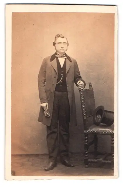 Fotografie Van Dennest, Anvers, Rue des Aveugles 5, Portrait älterer Herr im Anzug mit Fliege und Zylinder
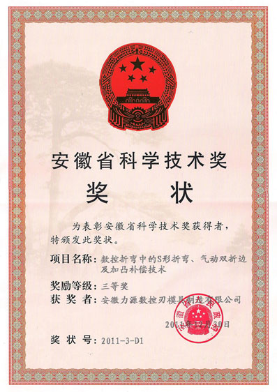 日前,一項(xiàng)由我公司牽頭,聯(lián)合合肥工業(yè)大學(xué)、安徽恒明模具科技有限公司共同研發(fā)的新技術(shù)成果“數(shù)控折彎中的S形折彎、氣動(dòng)雙折邊及加凸補(bǔ)償技術(shù)”經(jīng)過層層評(píng)選,最終獲頒安徽省科學(xué)技術(shù)獎(jiǎng)三等獎(jiǎng)。
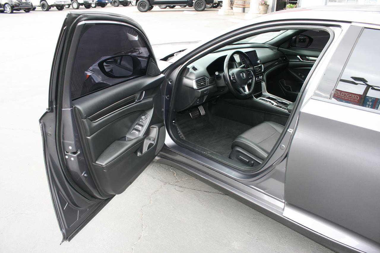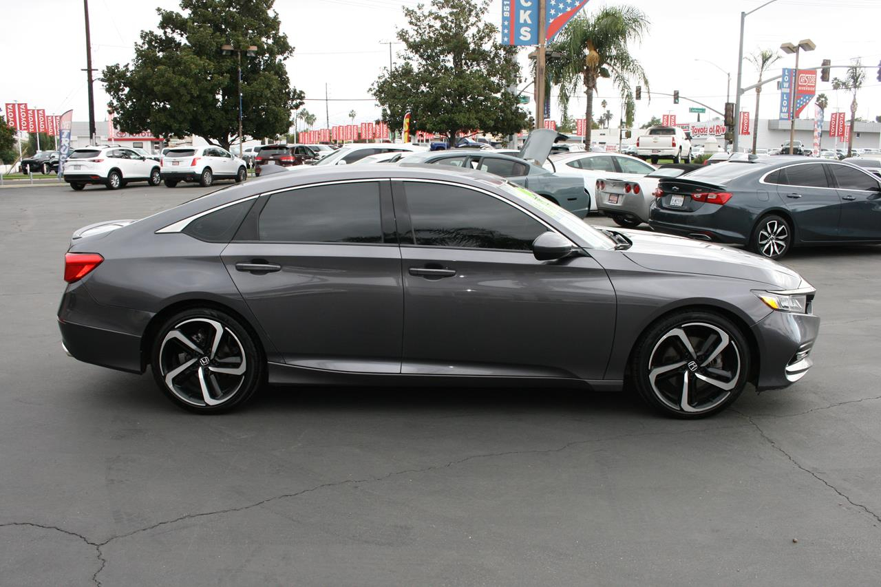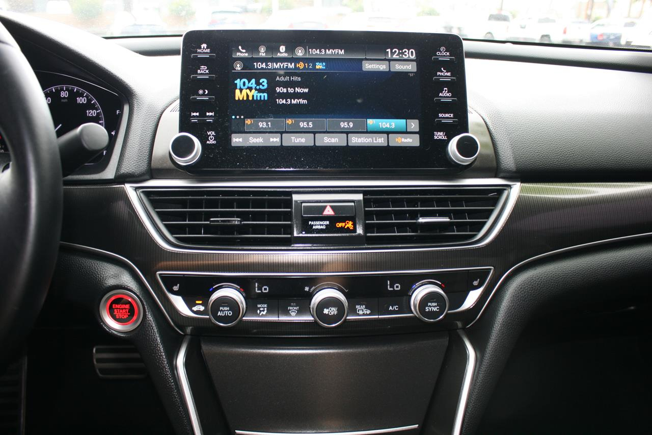 Reconnect with your love of driving behind the wheel of our 2019 Honda Accord Sport Sedan that's sculpted to perfection in Modern Steel Metallic! Powered by a proven 2.0 Liter 4 Cylinder turbocharged engine that offers 252hp that's perfectly paired with a smooth-shifting 10-speed automatic transmission with paddle shifters for passing ease. This winning Front Wheel Drive combination delivers efficiency without sacrificing performance so you can score near 32mpg on the highway while enjoying a brilliant drive. Our dramatically-styled Accord Sport slips through the air with ease and makes a lasting impression with its sculpted lines and classically elegant profile. Notice the beautiful aluminum alloy wheels and chiseled curves.
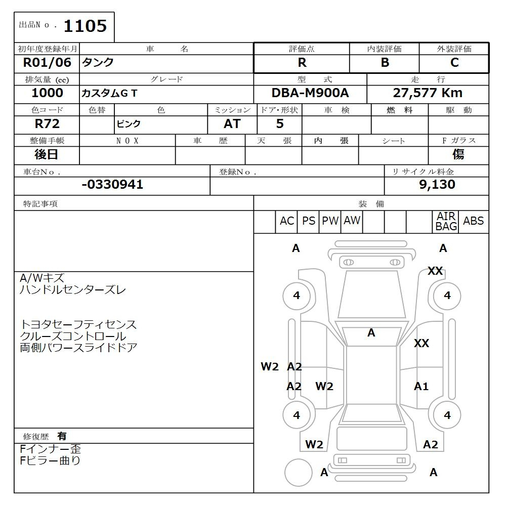 Toyota Tank, 2019 года - Лот№1105 ★R
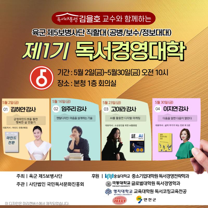 독서경영대학은 5사단과 사단법인 국민독서문화진흥회가 주관하고, 숭실대학교 중소기업대학원 독서경영전략학과, 국동대학교 글로벌대학원 독서경영학과, 명지대학교 교육대학원 교육학과 독서코칭교육전공, 연천군, 아이엠젤리 등의 다양한 후원으로 진행됐다.
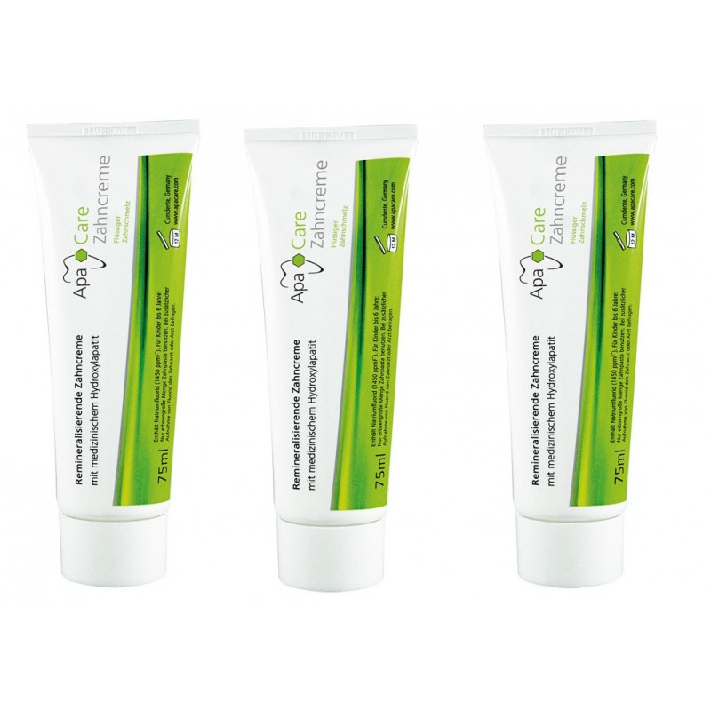 La pasta de dientes remineralizante ApaCare contiene fluoruro de sodio (1.450 ppm de ion flúor) y esmalte líquido (hidroxiapatita médica). Este mineral altamente activo se adhiere y se incrusta en

EXERCISE GOAL
The line containing "Toyota Tank, 2019 года - Лот№1105 ★R" marks the start: set down exactly that line and every line after it through the last line of the data, without any pictures.

FINISHED EXERCISE
 Toyota Tank, 2019 года - Лот№1105 ★R
 독서경영대학은 5사단과 사단법인 국민독서문화진흥회가 주관하고, 숭실대학교 중소기업대학원 독서경영전략학과, 국동대학교 글로벌대학원 독서경영학과, 명지대학교 교육대학원 교육학과 독서코칭교육전공, 연천군, 아이엠젤리 등의 다양한 후원으로 진행됐다.
 La pasta de dientes remineralizante ApaCare contiene fluoruro de sodio (1.450 ppm de ion flúor) y esmalte líquido (hidroxiapatita médica). Este mineral altamente activo se adhiere y se incrusta en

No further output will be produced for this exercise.